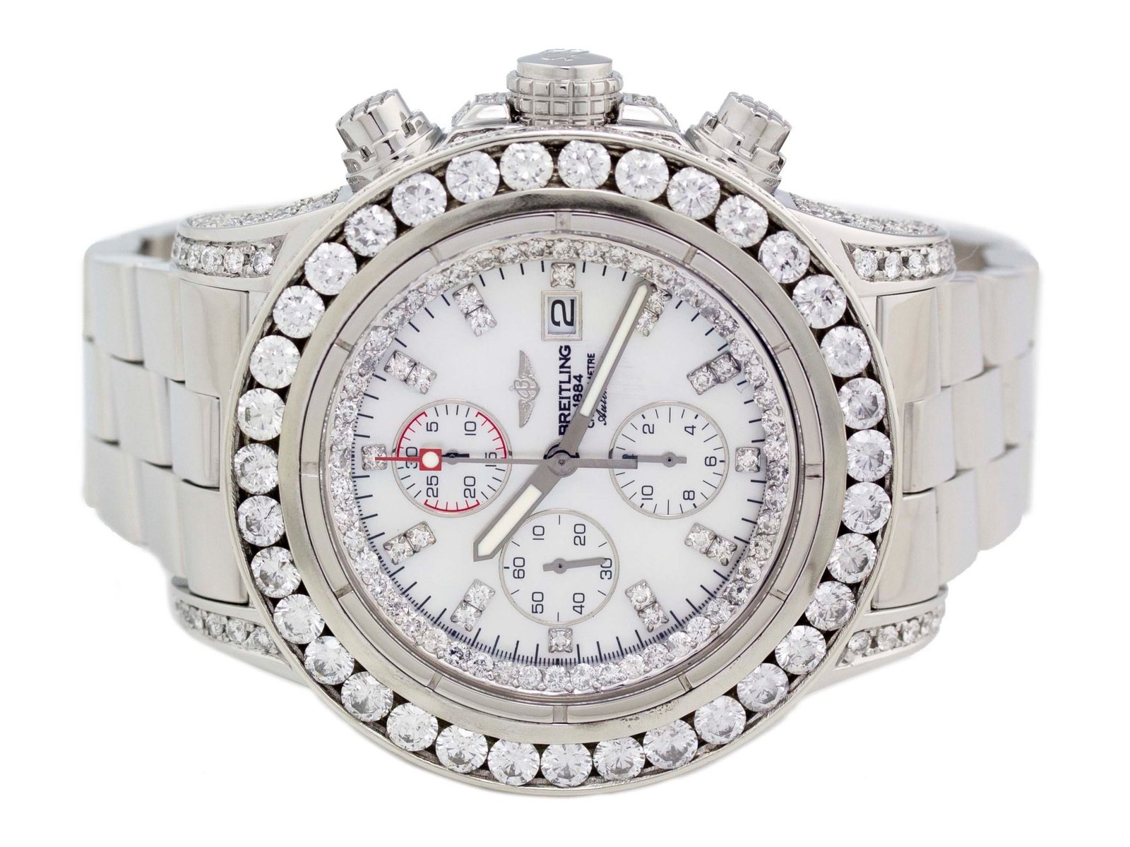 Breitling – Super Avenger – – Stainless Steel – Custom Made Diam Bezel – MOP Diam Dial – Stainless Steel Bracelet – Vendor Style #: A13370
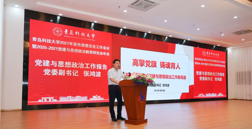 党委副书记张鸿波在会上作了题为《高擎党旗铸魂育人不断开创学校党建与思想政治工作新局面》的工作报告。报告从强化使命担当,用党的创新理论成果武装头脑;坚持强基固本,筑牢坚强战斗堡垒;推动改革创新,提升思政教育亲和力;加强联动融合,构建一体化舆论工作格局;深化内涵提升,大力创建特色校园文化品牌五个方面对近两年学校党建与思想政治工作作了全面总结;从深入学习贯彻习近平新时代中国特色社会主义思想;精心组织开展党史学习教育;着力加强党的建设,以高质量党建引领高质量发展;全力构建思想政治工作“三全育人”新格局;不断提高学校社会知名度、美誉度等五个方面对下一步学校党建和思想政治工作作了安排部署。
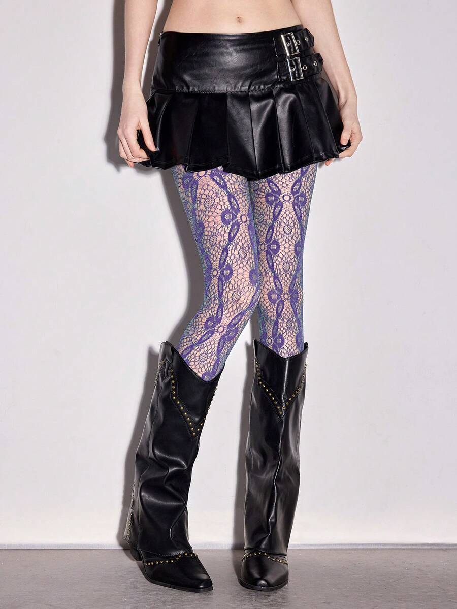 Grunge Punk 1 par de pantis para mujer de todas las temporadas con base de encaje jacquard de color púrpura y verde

Directions for this task: Copy out every line of the material above precisely, omitting the pictures.

Reply:
 Breitling – Super Avenger – – Stainless Steel – Custom Made Diam Bezel – MOP Diam Dial – Stainless Steel Bracelet – Vendor Style #: A13370
 党委副书记张鸿波在会上作了题为《高擎党旗铸魂育人不断开创学校党建与思想政治工作新局面》的工作报告。报告从强化使命担当,用党的创新理论成果武装头脑;坚持强基固本,筑牢坚强战斗堡垒;推动改革创新,提升思政教育亲和力;加强联动融合,构建一体化舆论工作格局;深化内涵提升,大力创建特色校园文化品牌五个方面对近两年学校党建与思想政治工作作了全面总结;从深入学习贯彻习近平新时代中国特色社会主义思想;精心组织开展党史学习教育;着力加强党的建设,以高质量党建引领高质量发展;全力构建思想政治工作“三全育人”新格局;不断提高学校社会知名度、美誉度等五个方面对下一步学校党建和思想政治工作作了安排部署。
 Grunge Punk 1 par de pantis para mujer de todas las temporadas con base de encaje jacquard de color púrpura y verde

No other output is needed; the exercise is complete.